Monday, April 21, 2008

The Idiot

Late last night I finally finished Fyodor Dostoevsky's novel about a "positively good man." The Idiot is both an intimate novel, centered on one man - the "idiot" and the people he knows - and a sweeping one, covering not only the spectrum of humanity, but also faith, politics, and psychology. That's pretty typical for Dostoevsky, but this novel's weak plot arc accentuates the variety to a high degree.

The idiot is Prince Lev Nikolaeyevich Myshkin, introduced at the beginning of the work as a young man returning to his home country from Switzerland. There he successfully underwent treatment for "falling sickness" - epilepsy. He's introduced as a destitute and homeless traveler, coming to a country he hardly remembers. His benefactor has died, and he has no source of income. Nevertheless, he has hope to meet his only surviving family member and to make his way in Petersburg.

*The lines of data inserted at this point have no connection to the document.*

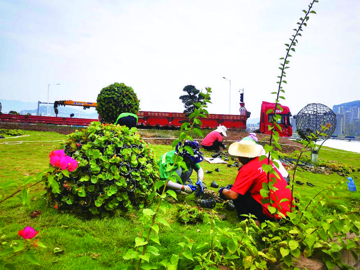 日前,記者在王牌路口節(jié)點看到,園林工人們正在這里換種鮮花,將草坪中間造型上布滿四季海棠,讓鮮花形成鮮艷的花球。在天仙湖攔砂壩,鞍式花箱中替換成了太陽花,花朵盛開嬌艷美麗,與仍在綻放的三角梅相映成趣,在城市高樓長街、萬安大橋、一江碧水的大背景下自成風景線。
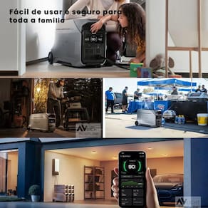 Conta com múltiplas saídas, incluindo AC bivolt (110V e 220V), USB-A, USB-C e DC. O equipamento é carregado na voltagem escolhida pelo cliente no momento da compra (127V ou 220V, não é bivolt no carregamento).
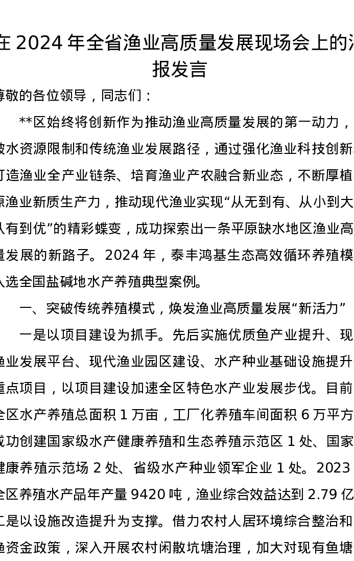 在2024年全省渔业高质量发展现场会上的汇报发言
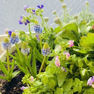 ➀➁ヒラツカスミレ白鶴がかわいく開きました♡紅ヒゴスミレもいっしょに植えたので揃って咲いてくれるといいな😊 ➂ラナンキュラスポンポン ハーマイオニー 1番花をカットし肥料あげたらつぼみがたくさん✨ ➃スイセンテータテート、最後のつぼみは双子ちゃん ➄ムスカリ、葉が出ずに花が地面から咲いてる😅 放置だった花苗、植え付けたり、クレマチス白磁ちゃんを植替えよう!とがんばっていたら強風でほこりが目に…手をすべらせ白磁ちゃん、真っ逆さま😓元気な新芽がぽきんと折れました… 花粉もつらーい😵💫
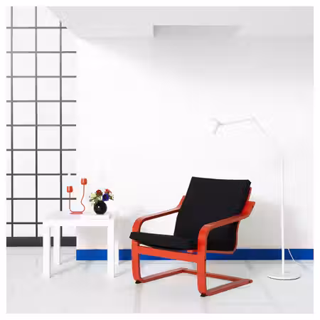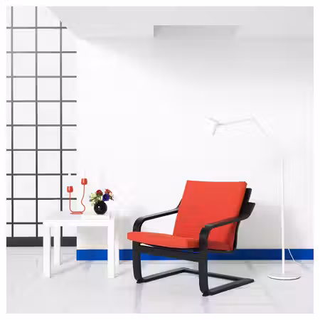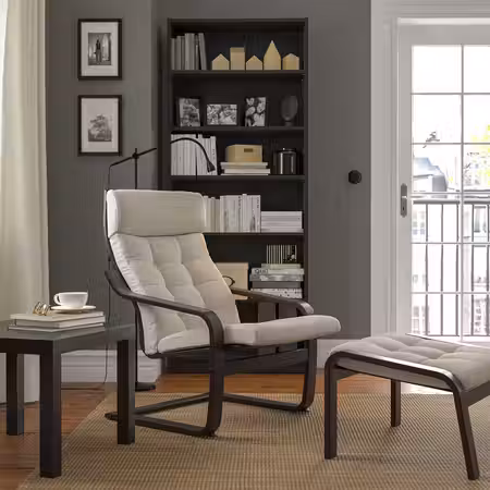 Кресло POÄNG со стильным каркасом из гнутой древесины обеспечивает поддержку шеи, а удобный табурет для ног позволяет отдыхать с комфортом.
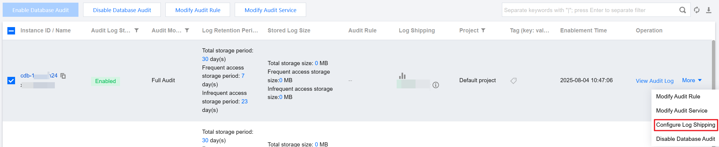 4. Find the target instance in the audit instance list (or search for the instance by resource attributes in the search box), and choose More > Configure Log Shipping in the Operation column.
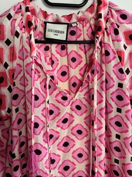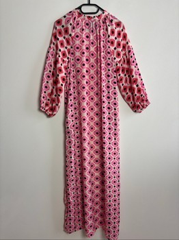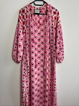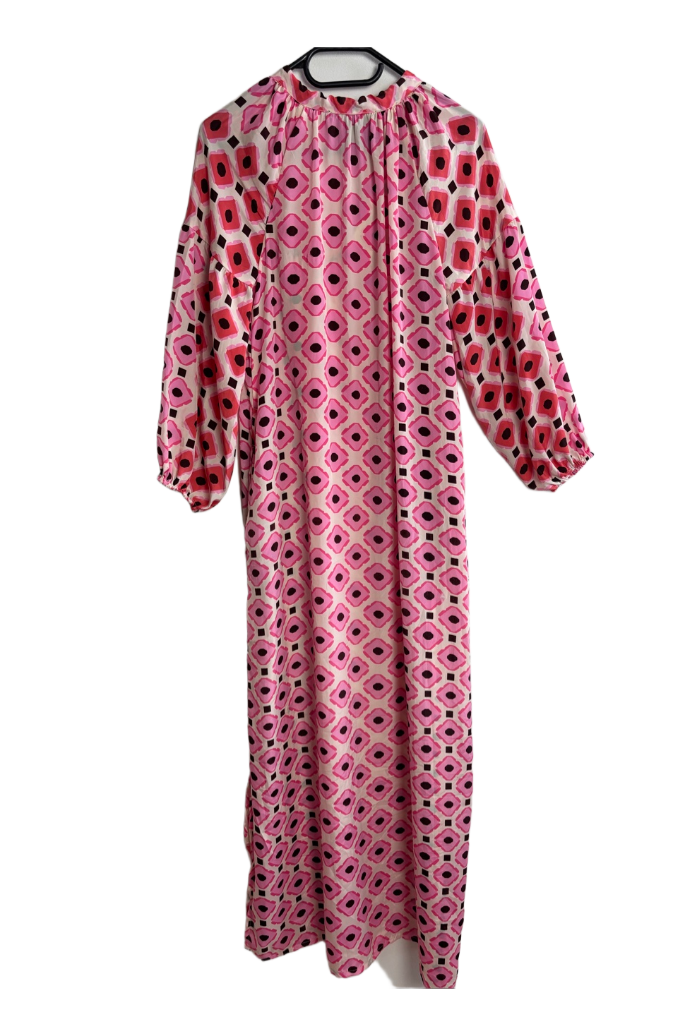 Long dress with a geometric pink and black pattern. Features tassel neck ties and long sleeves with elasticated cuffs.
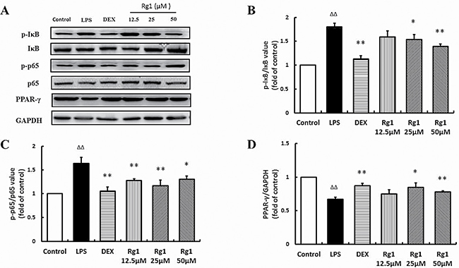 Figure 7: Effects of Rg1 on p-IκBα, p-p65, and PPAR-γ protein expression in RAW264.7 cells treated with LPS. (A) Western blot bands; (B) p-IκBα expression; (C) p-p65 expression; (D) PPAR-γ protein expression. Data are expressed as mean ± SD, n = 3 for each group. *P < 0.05 and **P < 0.01 versus LPS; ΔΔP < 0.01 versus control.
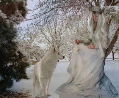 Lobo con mujer vestida de blanco en invierno - 5×5

On the train he meets another young man, a passionate scoundrel named Parfyon Semyonovich Rogozhin (Russian names are the best). Rogozhin is also returning to Petersburg, but he has only been gone a few months. He fled in a fever after having stolen a great sum of money from his father in order to buy diamonds for a woman. The woman is Nastasya Filipovna, a prideful beauty that suffers under the cloud of having been raised as a kept woman by a lecherous rich man. Rogozhin's father has now died (his death hastened by his son's betrayal), and Rogozhin has come into an inheritance that he plans to use to buy out Nastasya Filipovna. Despite their contrasting natures, Rogozhin and the Prince hit it off. However, their friendship will eventually turn to rivalry.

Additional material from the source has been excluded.